[Task instructions]:
In the records below, find the line with "摘要: 8月30日,新三板共", then retype it and every following line exactly, stopping after the line with "風景印(長野・松川局):30". Leave the pictures out.

[Study material]:

◆ ◆ ◆ ◆

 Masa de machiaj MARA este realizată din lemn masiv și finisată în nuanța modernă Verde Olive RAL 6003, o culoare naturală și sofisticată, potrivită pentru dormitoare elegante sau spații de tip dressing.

◆ ◆ ◆ ◆

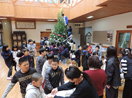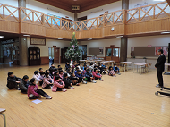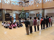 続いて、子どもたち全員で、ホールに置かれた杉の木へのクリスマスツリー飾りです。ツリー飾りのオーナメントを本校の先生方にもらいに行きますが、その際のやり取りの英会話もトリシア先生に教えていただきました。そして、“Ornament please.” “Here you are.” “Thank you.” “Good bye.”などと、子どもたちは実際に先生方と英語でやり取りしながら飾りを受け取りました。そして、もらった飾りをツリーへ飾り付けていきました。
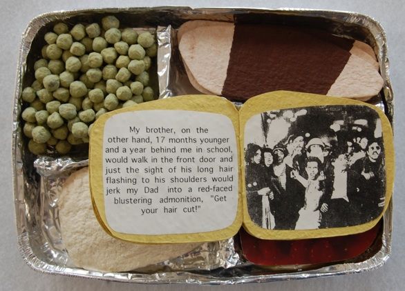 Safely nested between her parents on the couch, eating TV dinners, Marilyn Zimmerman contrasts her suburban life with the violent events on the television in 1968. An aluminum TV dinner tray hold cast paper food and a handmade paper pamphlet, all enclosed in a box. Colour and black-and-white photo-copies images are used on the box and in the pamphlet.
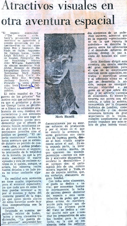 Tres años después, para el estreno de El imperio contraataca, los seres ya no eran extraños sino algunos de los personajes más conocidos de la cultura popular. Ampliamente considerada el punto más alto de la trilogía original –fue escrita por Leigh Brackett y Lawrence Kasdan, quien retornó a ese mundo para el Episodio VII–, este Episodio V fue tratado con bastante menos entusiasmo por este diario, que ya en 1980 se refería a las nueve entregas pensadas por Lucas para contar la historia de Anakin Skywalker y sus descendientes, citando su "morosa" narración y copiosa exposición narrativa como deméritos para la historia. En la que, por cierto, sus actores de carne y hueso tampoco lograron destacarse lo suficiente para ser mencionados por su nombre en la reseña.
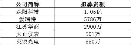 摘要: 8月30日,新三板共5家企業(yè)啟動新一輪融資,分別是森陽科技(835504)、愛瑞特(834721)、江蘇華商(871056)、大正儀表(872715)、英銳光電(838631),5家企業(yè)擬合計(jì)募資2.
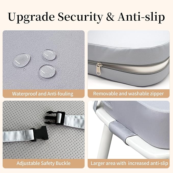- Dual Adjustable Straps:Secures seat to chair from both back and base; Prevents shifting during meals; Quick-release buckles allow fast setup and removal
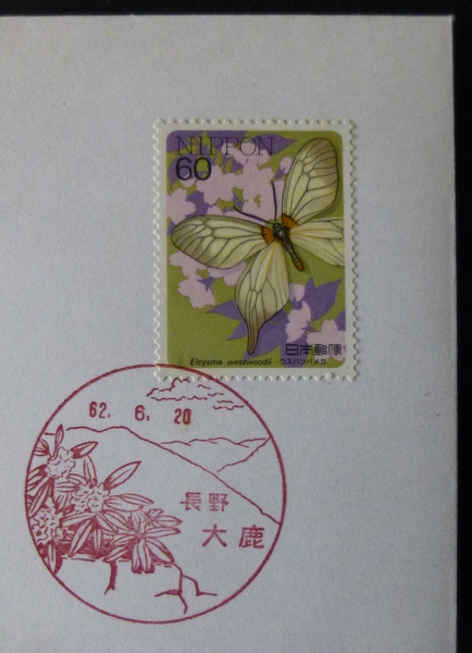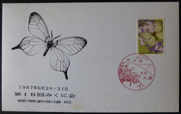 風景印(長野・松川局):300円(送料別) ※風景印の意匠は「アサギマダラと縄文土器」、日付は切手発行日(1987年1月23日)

◆ ◆ ◆ ◆

[Exercise response]:
 摘要: 8月30日,新三板共5家企業(yè)啟動新一輪融資,分別是森陽科技(835504)、愛瑞特(834721)、江蘇華商(871056)、大正儀表(872715)、英銳光電(838631),5家企業(yè)擬合計(jì)募資2.
- Dual Adjustable Straps:Secures seat to chair from both back and base; Prevents shifting during meals; Quick-release buckles allow fast setup and removal
 風景印(長野・松川局):300円(送料別) ※風景印の意匠は「アサギマダラと縄文土器」、日付は切手発行日(1987年1月23日)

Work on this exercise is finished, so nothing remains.